* [SUPPLIED MATERIAL]:
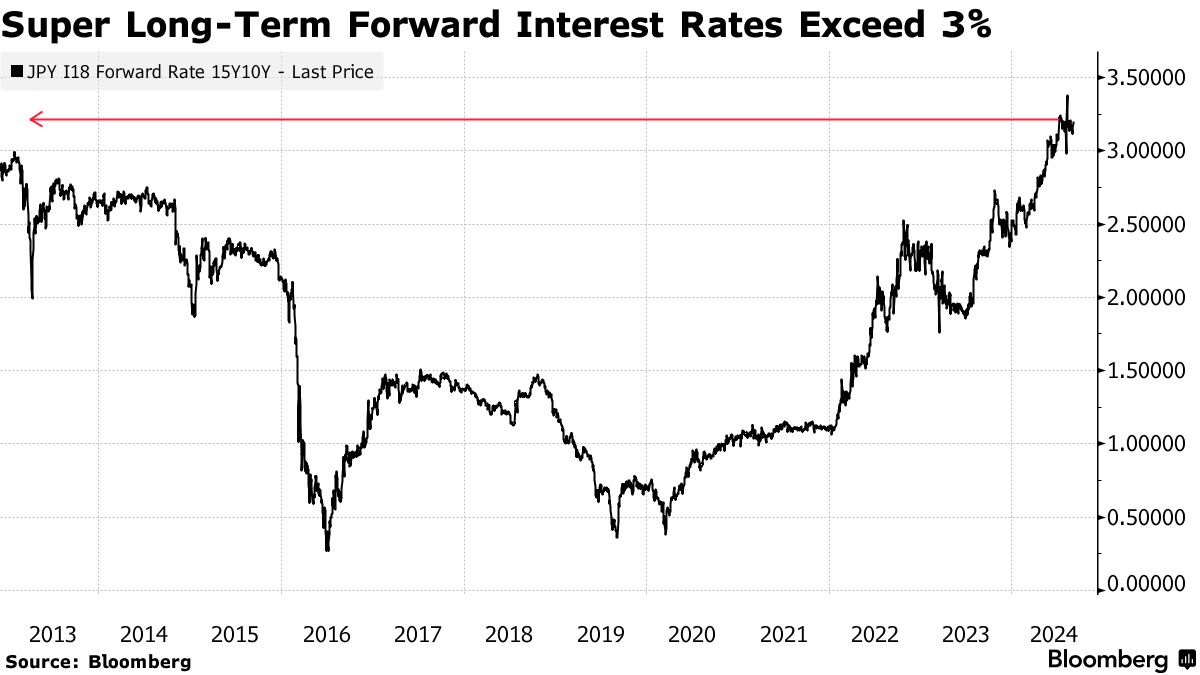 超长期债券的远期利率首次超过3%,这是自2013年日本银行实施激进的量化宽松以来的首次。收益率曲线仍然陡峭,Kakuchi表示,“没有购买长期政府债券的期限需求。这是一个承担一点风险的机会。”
...
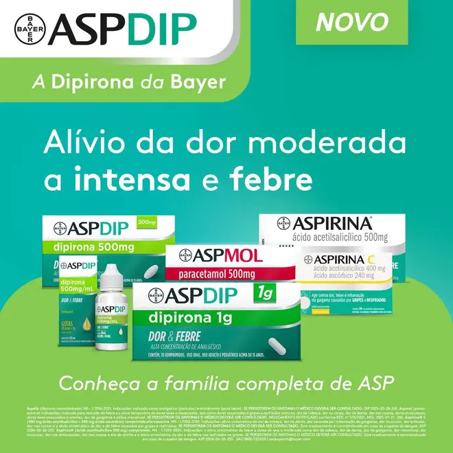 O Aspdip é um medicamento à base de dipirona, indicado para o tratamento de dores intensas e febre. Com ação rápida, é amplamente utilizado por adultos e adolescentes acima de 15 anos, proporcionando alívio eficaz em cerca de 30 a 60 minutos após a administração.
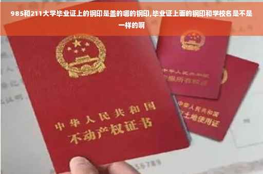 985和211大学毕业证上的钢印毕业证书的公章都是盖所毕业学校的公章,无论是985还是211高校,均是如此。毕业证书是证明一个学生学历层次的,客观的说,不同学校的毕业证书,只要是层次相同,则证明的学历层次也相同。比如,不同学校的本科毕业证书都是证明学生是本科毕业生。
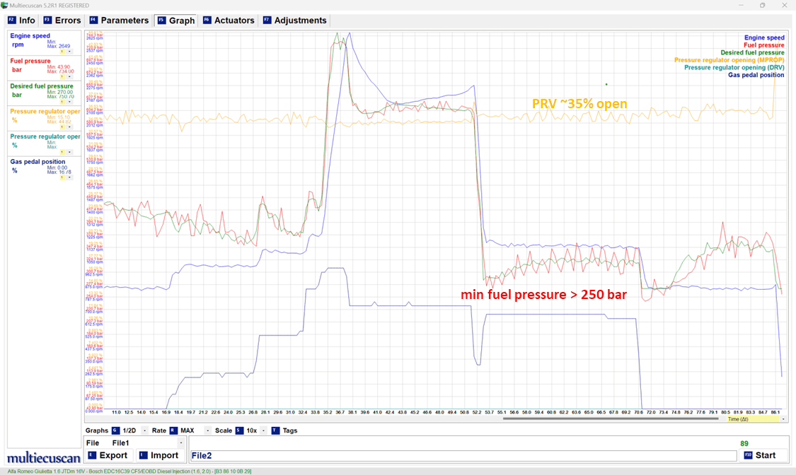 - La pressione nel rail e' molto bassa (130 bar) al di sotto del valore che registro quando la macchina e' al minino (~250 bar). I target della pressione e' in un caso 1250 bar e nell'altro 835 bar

* [EXERCISE DESCRIPTION]: Reproduce the entries exactly, from the line with "O Aspdip é um" to the line with "- La pressione", both lines included, keeping no pictures.

* [REPLY]:
 O Aspdip é um medicamento à base de dipirona, indicado para o tratamento de dores intensas e febre. Com ação rápida, é amplamente utilizado por adultos e adolescentes acima de 15 anos, proporcionando alívio eficaz em cerca de 30 a 60 minutos após a administração.
 985和211大学毕业证上的钢印毕业证书的公章都是盖所毕业学校的公章,无论是985还是211高校,均是如此。毕业证书是证明一个学生学历层次的,客观的说,不同学校的毕业证书,只要是层次相同,则证明的学历层次也相同。比如,不同学校的本科毕业证书都是证明学生是本科毕业生。
 - La pressione nel rail e' molto bassa (130 bar) al di sotto del valore che registro quando la macchina e' al minino (~250 bar). I target della pressione e' in un caso 1250 bar e nell'altro 835 bar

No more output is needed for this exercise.